WORK INSTRUCTIONS - Quote the whole listing word for word. Do not include the pictures.

(DATASET EXCERPT begins)

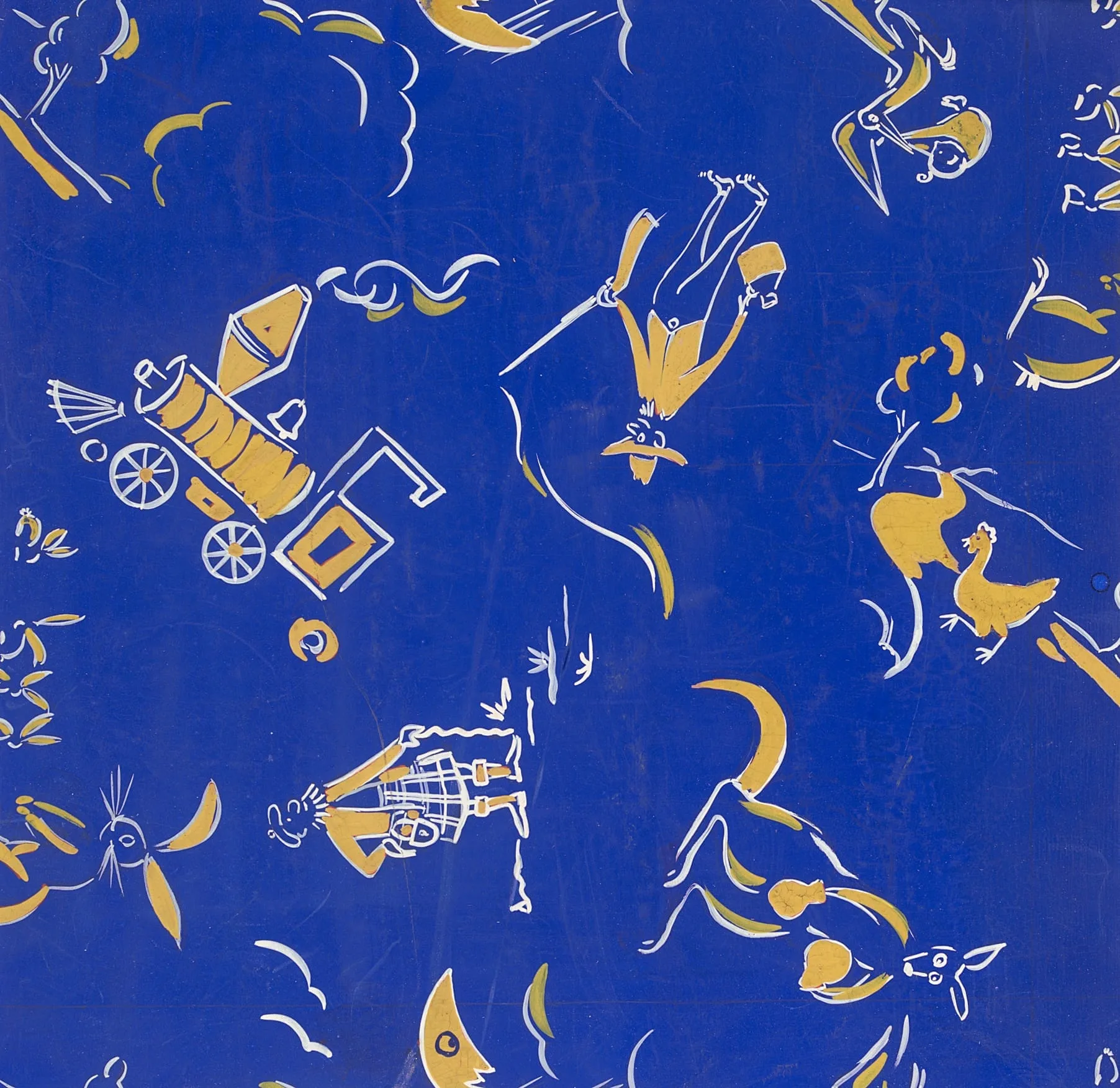 - Untitled Textile Design with Kangaroo, Train and Stork
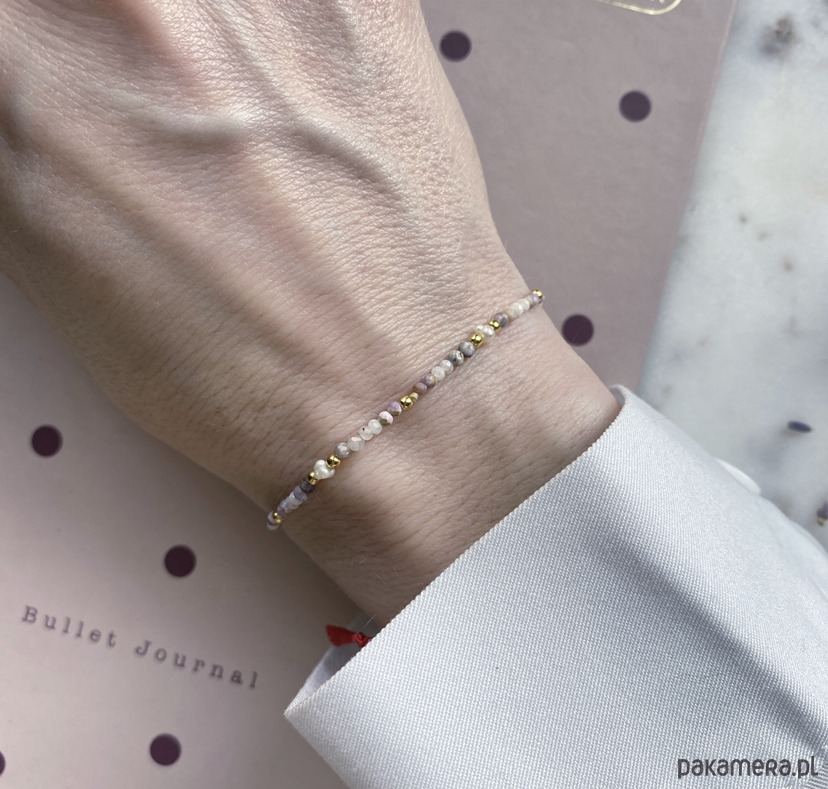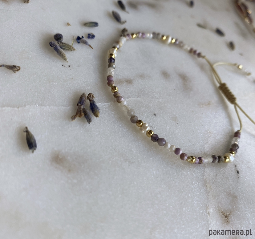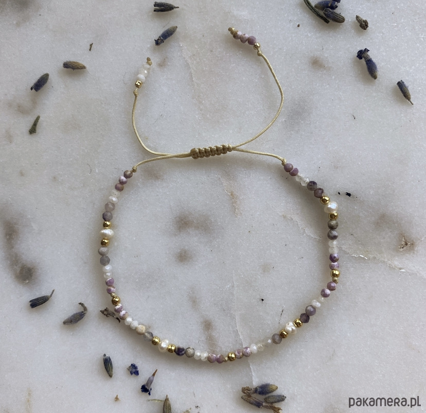 Bransoletka regulowana z makramowym zapięciem z maleńkimi Fosfosyderytami , Czaroitem, Kamieniem Księżycowym i perełkami.
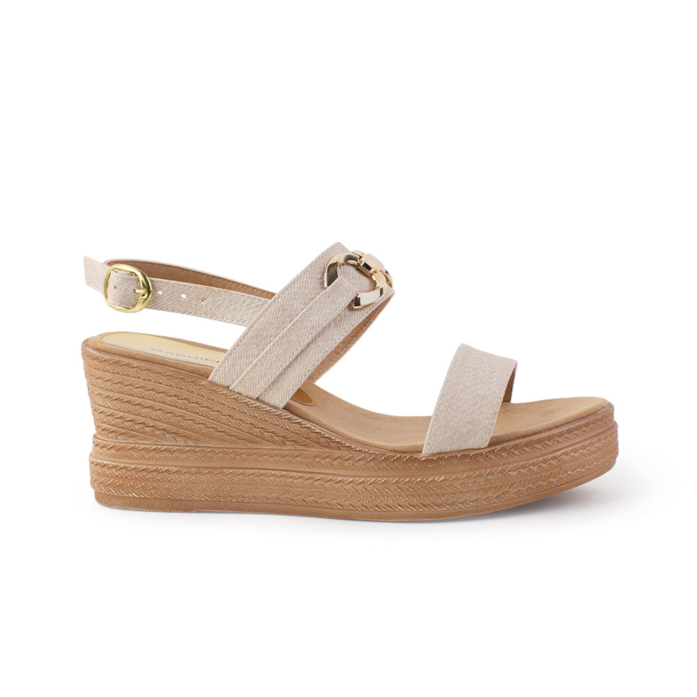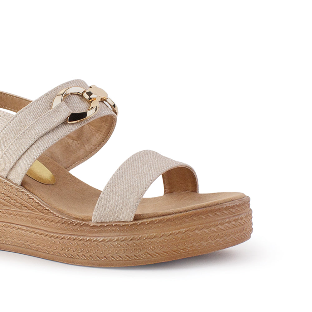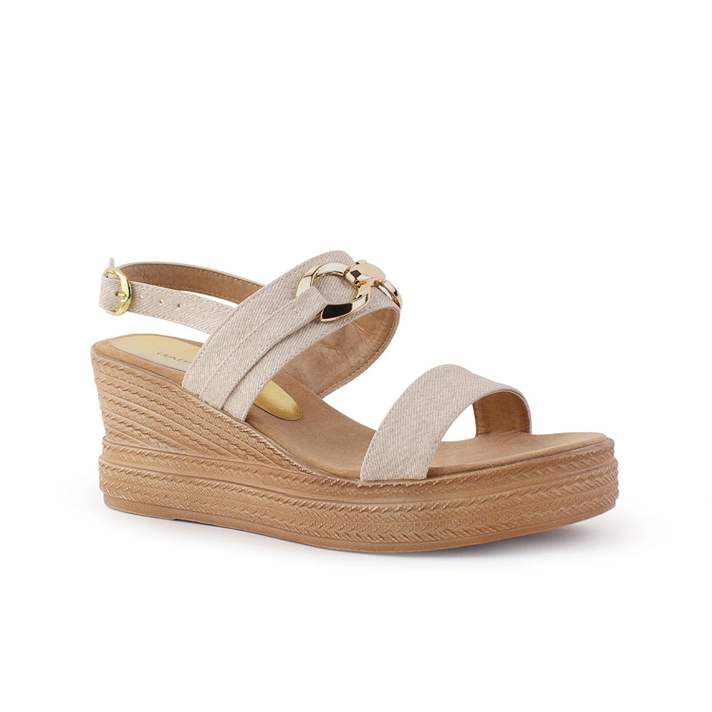 Sandalia Beige Plataforma Alta Mujer Hebilla Doble Correa Casual 4500167

(DATASET EXCERPT ends)

PROBLEM SOLUTION -
 - Untitled Textile Design with Kangaroo, Train and Stork
 Bransoletka regulowana z makramowym zapięciem z maleńkimi Fosfosyderytami , Czaroitem, Kamieniem Księżycowym i perełkami.
 Sandalia Beige Plataforma Alta Mujer Hebilla Doble Correa Casual 4500167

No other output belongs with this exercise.